▸ About this exercise
Print exactly, and only, the lines from the one that has "A glass‑walled parliamentary" through the end of the material below, with both ends included and the pictures omitted.

▸ Available data

━━━━━━

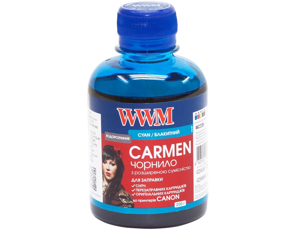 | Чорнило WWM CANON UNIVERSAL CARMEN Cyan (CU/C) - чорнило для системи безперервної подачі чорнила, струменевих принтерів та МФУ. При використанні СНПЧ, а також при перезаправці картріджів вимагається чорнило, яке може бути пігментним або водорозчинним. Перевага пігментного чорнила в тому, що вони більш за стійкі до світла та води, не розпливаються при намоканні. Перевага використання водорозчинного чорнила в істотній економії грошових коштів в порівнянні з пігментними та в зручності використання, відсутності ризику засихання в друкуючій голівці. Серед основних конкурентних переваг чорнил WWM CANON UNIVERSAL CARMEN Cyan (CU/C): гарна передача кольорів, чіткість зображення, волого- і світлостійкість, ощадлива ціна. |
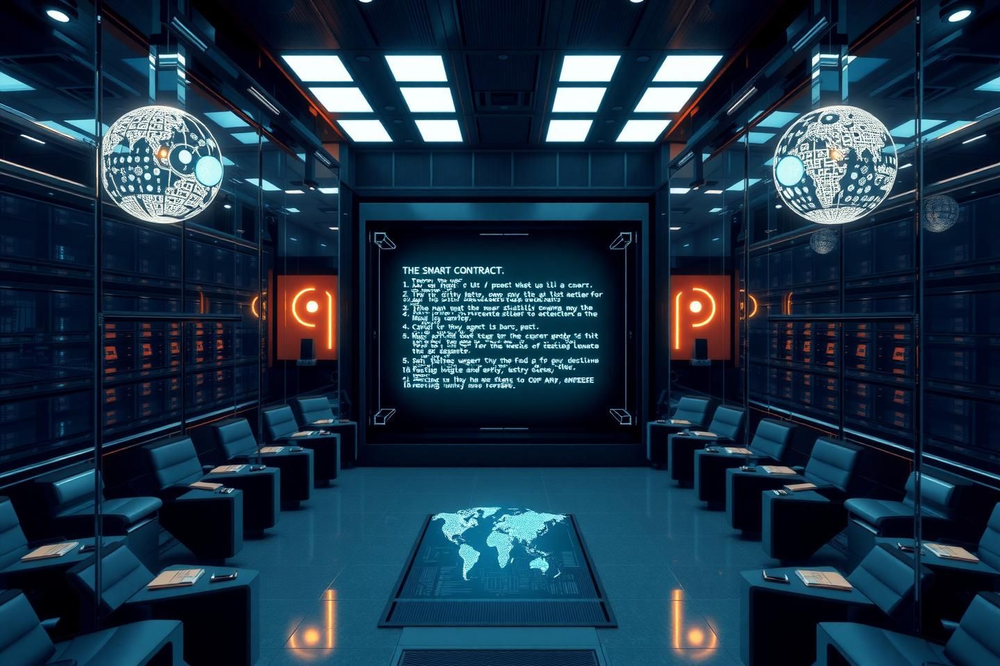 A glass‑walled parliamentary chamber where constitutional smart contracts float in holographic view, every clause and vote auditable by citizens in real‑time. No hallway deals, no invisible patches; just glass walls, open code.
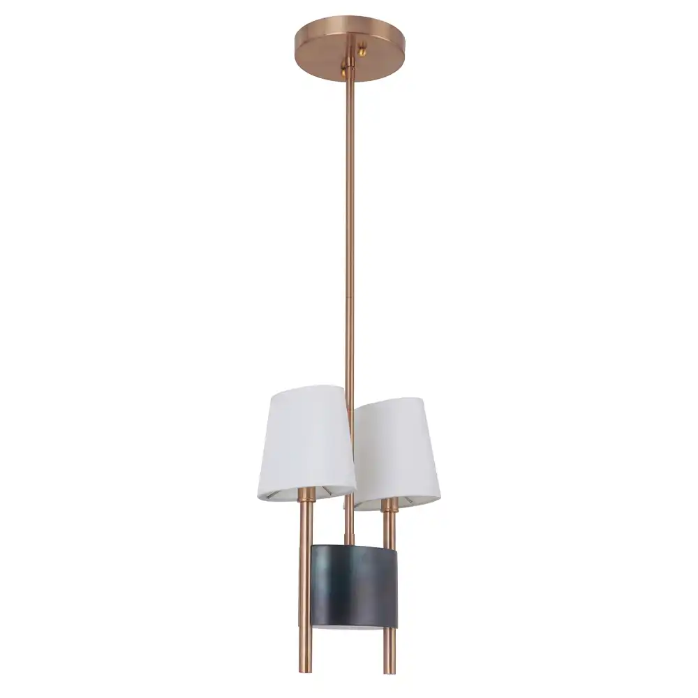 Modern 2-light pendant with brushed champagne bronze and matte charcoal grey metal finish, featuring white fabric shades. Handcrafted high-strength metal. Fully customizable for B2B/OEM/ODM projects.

━━━━━━

▸ Task result
 A glass‑walled parliamentary chamber where constitutional smart contracts float in holographic view, every clause and vote auditable by citizens in real‑time. No hallway deals, no invisible patches; just glass walls, open code.
 Modern 2-light pendant with brushed champagne bronze and matte charcoal grey metal finish, featuring white fabric shades. Handcrafted high-strength metal. Fully customizable for B2B/OEM/ODM projects.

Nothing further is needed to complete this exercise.